» PROBLEM DESCRIPTION:
Omit the pictures, then reproduce exactly the line bearing "Montant estimé des" and every line after it up to and including the last line of the entries below.
○ ○ ○
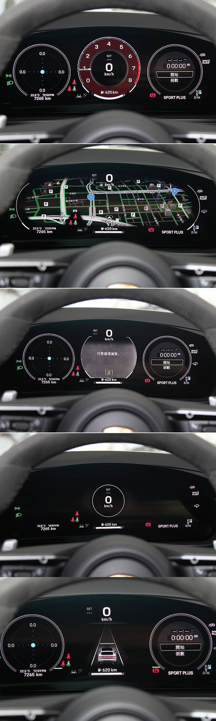 走進小改款 Cayenne Coupé 內飾,其最主要跟隨品牌新世代車型的步伐,將過去傳統 5 環結構包含中央傳統指針的儀表取代,改為全數位的 12.6 吋曲面儀表板組,在顯示畫面上擁有多達 7 種的顯示切換,主要追加了 3D 駕駛輔助系統畫面,并且除經典的 5 環布局外,還有轉速表、導航畫面投影、夜視畫面輔助等模式,雖然比起小改款前少了些許熟悉的「機械感」,但對于許多信息的判讀辨識感受可說是全面提升。
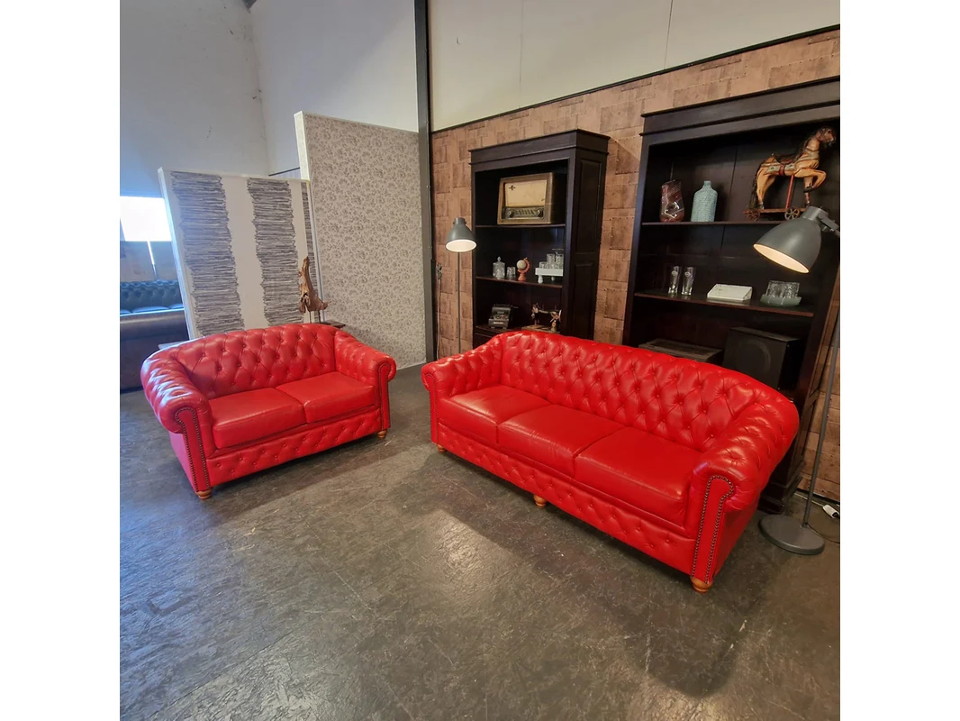 Merk: Chesterfield Product: 2-zits + 3-zits set Kleur: rood Materiaal: leer Afmeting: 79x195x92 Conditie: nieuw Specificaties: Afmetingen: Breedte: 195 cm Hoogte: 79 cm Diepte: 92 cm Zithoogte: 45 cm Zitdiepte: 55 cm Poot hoogte: 5 cm
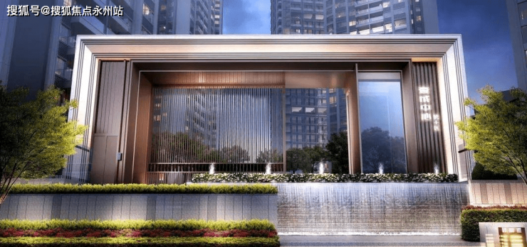 ——迭代美学沿袭豪宅美学基因,升级约3m高整板打造铝板立面,简约大气
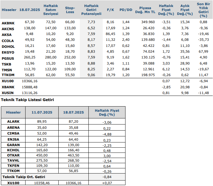 ABD’de geçtiğimiz hafta öne çıkan başlıklar arasında ticaret politikaları, şirket bilançoları ve enflasyon verileri yer aldı. ABD yönetimi, Nvidia gibi şirketlerin belirli yapay zekâ çiplerini Çin’e yeniden ihraç edebilmesine olanak tanıyacak şekilde ihracat kısıtlamalarını gevşetmeyi planladığını açıkladı. Bunun yanında Vietnam, Endonezya ve Hindistan gibi ülkelerle yürütülen ticaret görüşmeleri, tedarik zincirlerini Çin dışına kaydırma stratejisinin bir parçası olarak dikkat çekti. Ancak genel olarak, ABD’nin küresel ticaret ortaklarına uyguladığı 10-35% arası tarifelerle birlikte, ortalama ithalat vergisi oranı 1910’dan bu yana en yüksek seviyeye çıktı. Ticaretteki bu belirsizlik, yatırımcıların risk iştahını sınırlamaya devam etti. Öte yandan, ikinci çeyrek bilançoları güçlü bir başlangıç yaptı; açıklanan şirketlerin %86’sı beklentileri aşarken, özellikle finans sektörü olumlu ayrıştı. ABD’de açıklanan Haziran ayı TÜFE verisi ise yıllık bazda %2,7 ile beklentilere paralel geldi ve enflasyonun bazı kalemlerde yukarı yönlü baskı yaratmaya devam ettiğini gösterdi. Genel olarak, hem makroekonomik veriler hem de şirket kârları piyasaları desteklerken, ticaret politikaları belirsizlik yaratmaya devam ediyor.
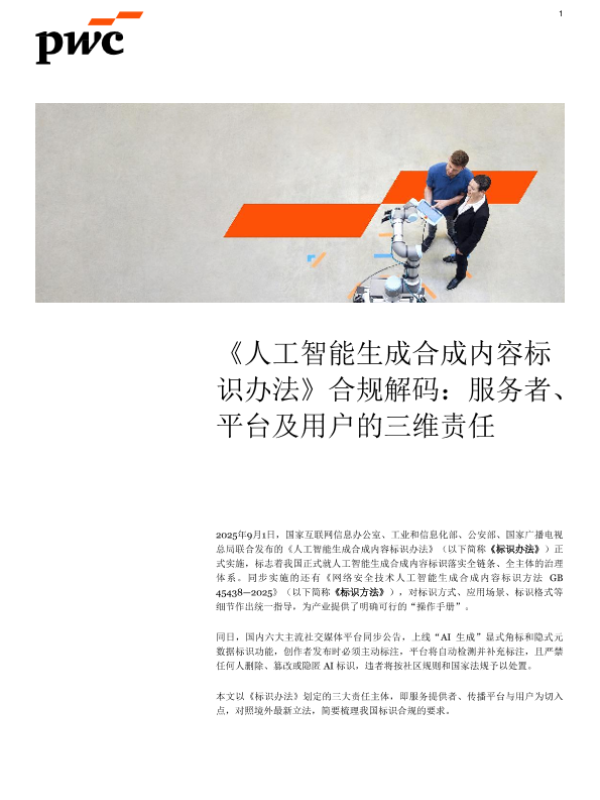 【普华永道&程伟宾律师事务所】【202509】《人工智能生成合成内容标识办法》合规解码:服务者、平台及用户的三维责任-14页 政策文件
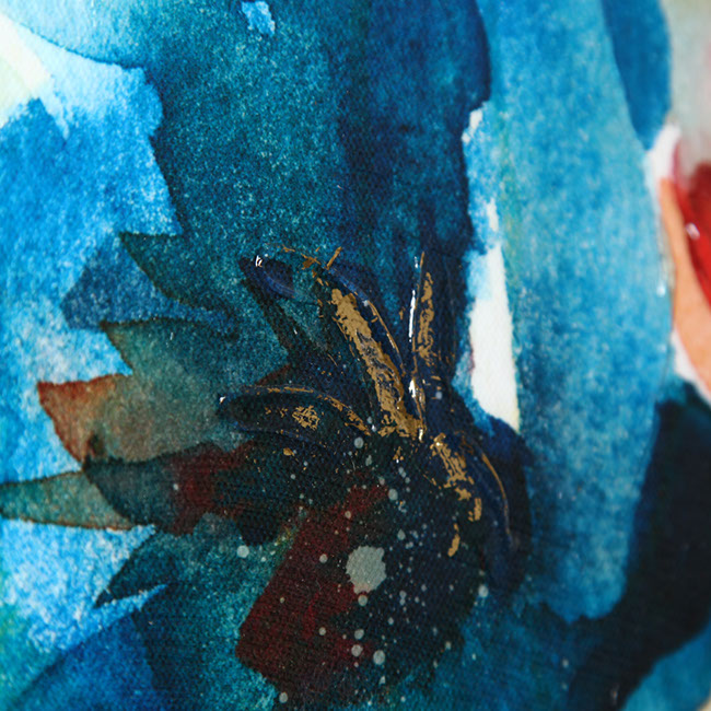 "Color My World I I" by Carol Robinson is part of our Robinson Series of arts. The Robinson series are highly embellished , bright and cherry floral and also feature hand applied gold accents. This gallery wrapped hand embellished piece comes ready to hang . Pairs Well with COLOR MY WORLD II
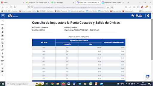 En la página del Servicio de Rentas Internas (SRI) se puede consultar el Impuesto a la Renta causado y el Impuesto a la Salida de Divisas (ISD).
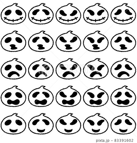 ハロウィン用のジャック・オー・ランタンのシンプルでいろんな表情を組み合わせた手描き風イラスト集4
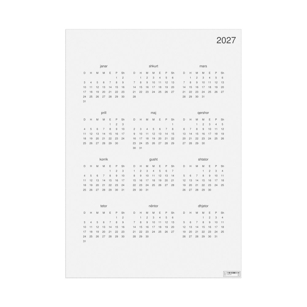 - Linguistics enthusiasts and polyglots - For "language geeks" interested in comparative linguistics or the mechanics of different languages and who value the aesthetic differences in scripts, orthography, and typography of different languages, the Albanian calendar serves as an object of intellectual interest. You can collect calendars for various languages to compare their linguistic roots (e.g., comparing Romance languages vs. Slavic languages). Leskoff's calendars are characterized by specific typographic choices that highlight the orthography and script unique to the target language. Think correct usage of diacritics, characters, and directional writing (left-to-right vs. right-to-left). The minimalist design focuses on legibility and aesthetic appeal of the script itself.
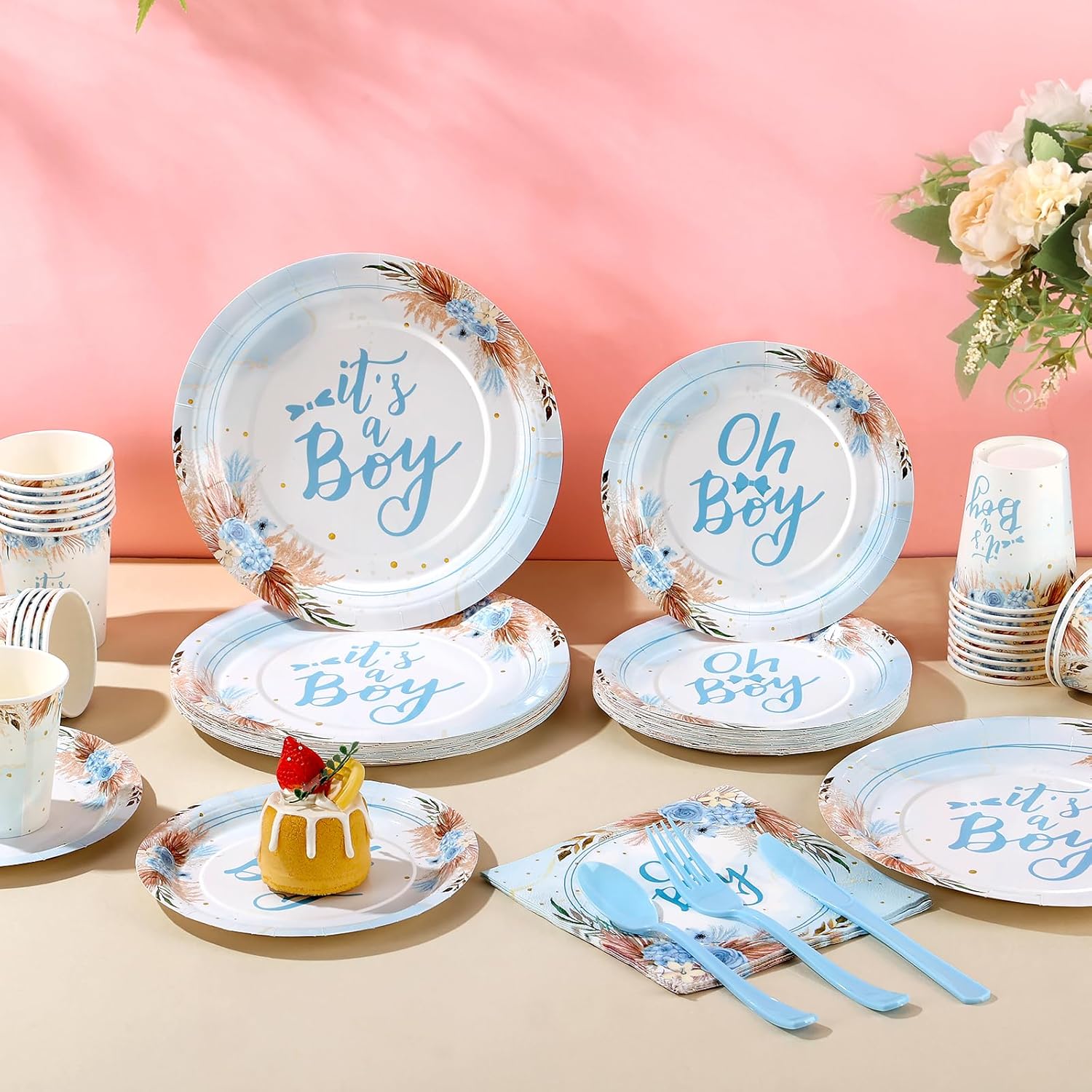 168 Pcs Baby Boy Shower Decorations, Its A Boy Baby Shower Decorations, Blue Baby Shower Plates and Cups and Napkins Sets Serves 24, Boho Fall Oh Baby
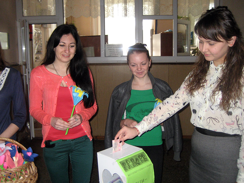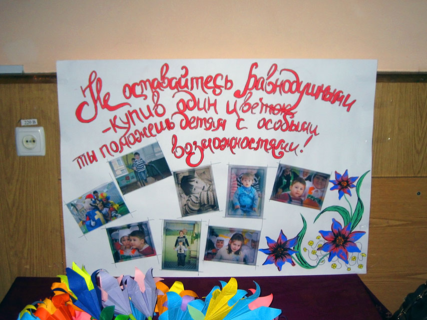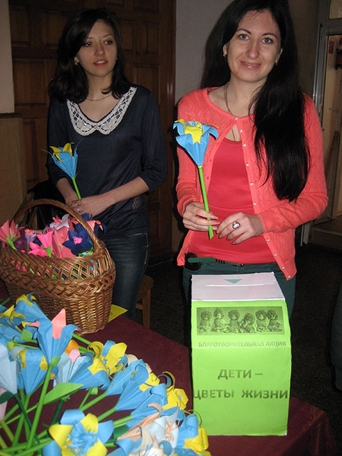 Не пахнуть, бо вони – паперові, а виготовлені працьовитими руками студентів-умільців Інституту соціально-педагогічної та корекційної освіти, щоби долучитися до цікавої акції, яку започаткували батьки дітей-інвалідів Центру соціальної реабілітації «Забота». Студентки 3-го курсу спеціальності «Корекційна освіта. Логопедія» Ірина Мусатова, Лілія Сіннікова та Марина Міщенкова, які недавно проходили практику в Центрі, й організували виготовлення та реалізацію в університеті більш як сотні цікавих та оригінальних паперових квітів (див. світлини).
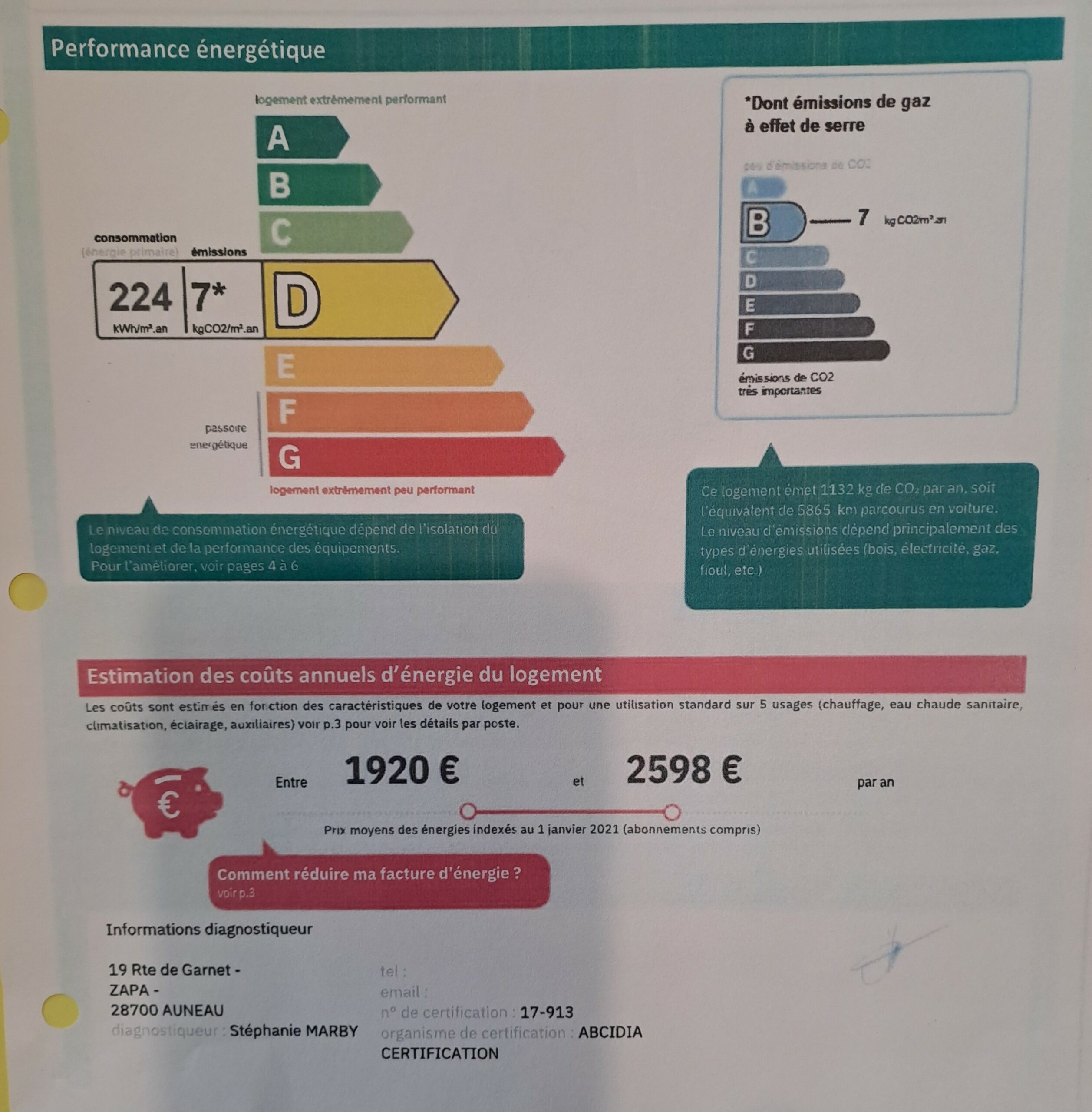 Montant estimé des dépenses annuelles d’énergie pour un usage standard : entre 1 920 € et 2 598 €/an
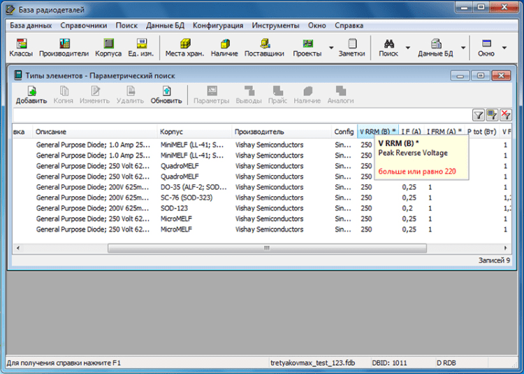 В программа можно найти подробную информацию по деталям. При необходимости эту информацию можно отредактировать или внести новые данные. В программе "База радиодеталей" есть функция поиска информации об элементах по их параметрам и различные инструменты для упрощенного ввода большого количества справочных данных. В ней также реализована функция обмена данными между пользователями.
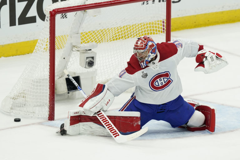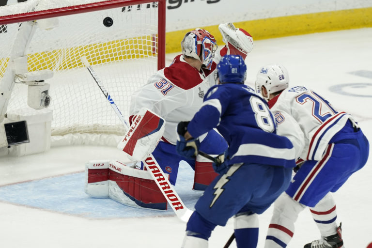 Zákrok gólmana Careyho Prica (Montreal Canadiens) počas prvého finálového zápasu NHL proti Tampe Bay Lightning. Tampa (Amalie Arena), 28. jún 2021. Foto: SITA/AP.
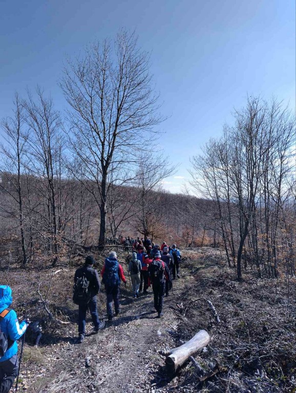 Polazak je od planinarskog doma Lapjak - Kaniška glava - Lipova glava i tu se razdvajaju grupe. Na kraću stazu odlazi se na Tisovac - Duboka, a duža staza na Češljakovački vis - pl.kuća Trišnjica - Duboka. Dio planinara odlazi po vlastitom izboru na Stari grad - Tauberove stijene, a dio putem do lovačke kuće Duboka - Trišnjica. Svi su uživali u lijepom vremenu i prvim vjesnicima proljeće. Domaćin je za sve priredio tradicionalni ručak - pečena jaja sa slaninom i srijemušem po pristupačnoj cijeni. Nakon ručka slijedi povratak putem do Velike i povratak doma.
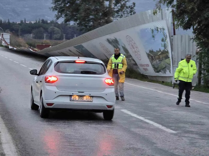 İzmir’in Selçuk ilçesinde fırtına nedeniyle büyük reklam panoları ve demir konstrüksiyonlar anayola devrildi. O esnada yoldan geçen herhangi bir aracın bulunmaması muhtemel bir kazanın önüne geçti.
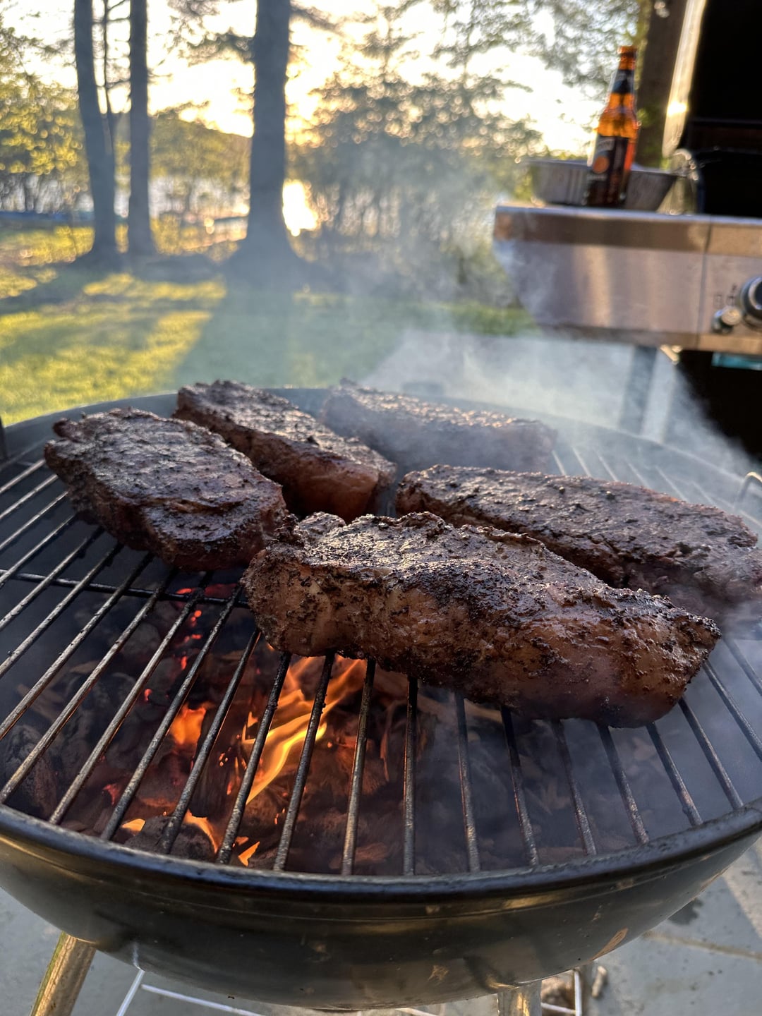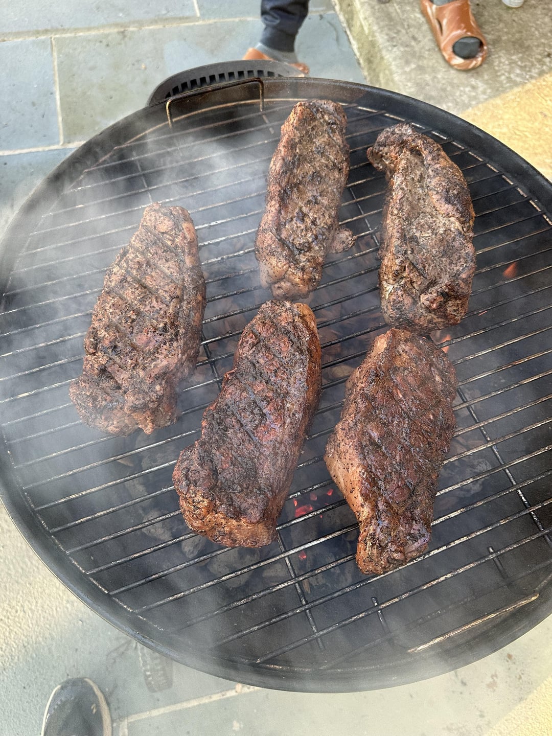 130 x 2h (in a home depot bucket), ice bath, patted completely dry, dusted with espresso + hot chocolate powder, seared on a hot charcoal grill w mesquite wood chips.
○ ○ ○
» WRITTEN SOLUTION:
 Montant estimé des dépenses annuelles d’énergie pour un usage standard : entre 1 920 € et 2 598 €/an
 В программа можно найти подробную информацию по деталям. При необходимости эту информацию можно отредактировать или внести новые данные. В программе "База радиодеталей" есть функция поиска информации об элементах по их параметрам и различные инструменты для упрощенного ввода большого количества справочных данных. В ней также реализована функция обмена данными между пользователями.
 Zákrok gólmana Careyho Prica (Montreal Canadiens) počas prvého finálového zápasu NHL proti Tampe Bay Lightning. Tampa (Amalie Arena), 28. jún 2021. Foto: SITA/AP.
 Polazak je od planinarskog doma Lapjak - Kaniška glava - Lipova glava i tu se razdvajaju grupe. Na kraću stazu odlazi se na Tisovac - Duboka, a duža staza na Češljakovački vis - pl.kuća Trišnjica - Duboka. Dio planinara odlazi po vlastitom izboru na Stari grad - Tauberove stijene, a dio putem do lovačke kuće Duboka - Trišnjica. Svi su uživali u lijepom vremenu i prvim vjesnicima proljeće. Domaćin je za sve priredio tradicionalni ručak - pečena jaja sa slaninom i srijemušem po pristupačnoj cijeni. Nakon ručka slijedi povratak putem do Velike i povratak doma.
 İzmir’in Selçuk ilçesinde fırtına nedeniyle büyük reklam panoları ve demir konstrüksiyonlar anayola devrildi. O esnada yoldan geçen herhangi bir aracın bulunmaması muhtemel bir kazanın önüne geçti.
 130 x 2h (in a home depot bucket), ice bath, patted completely dry, dusted with espresso + hot chocolate powder, seared on a hot charcoal grill w mesquite wood chips.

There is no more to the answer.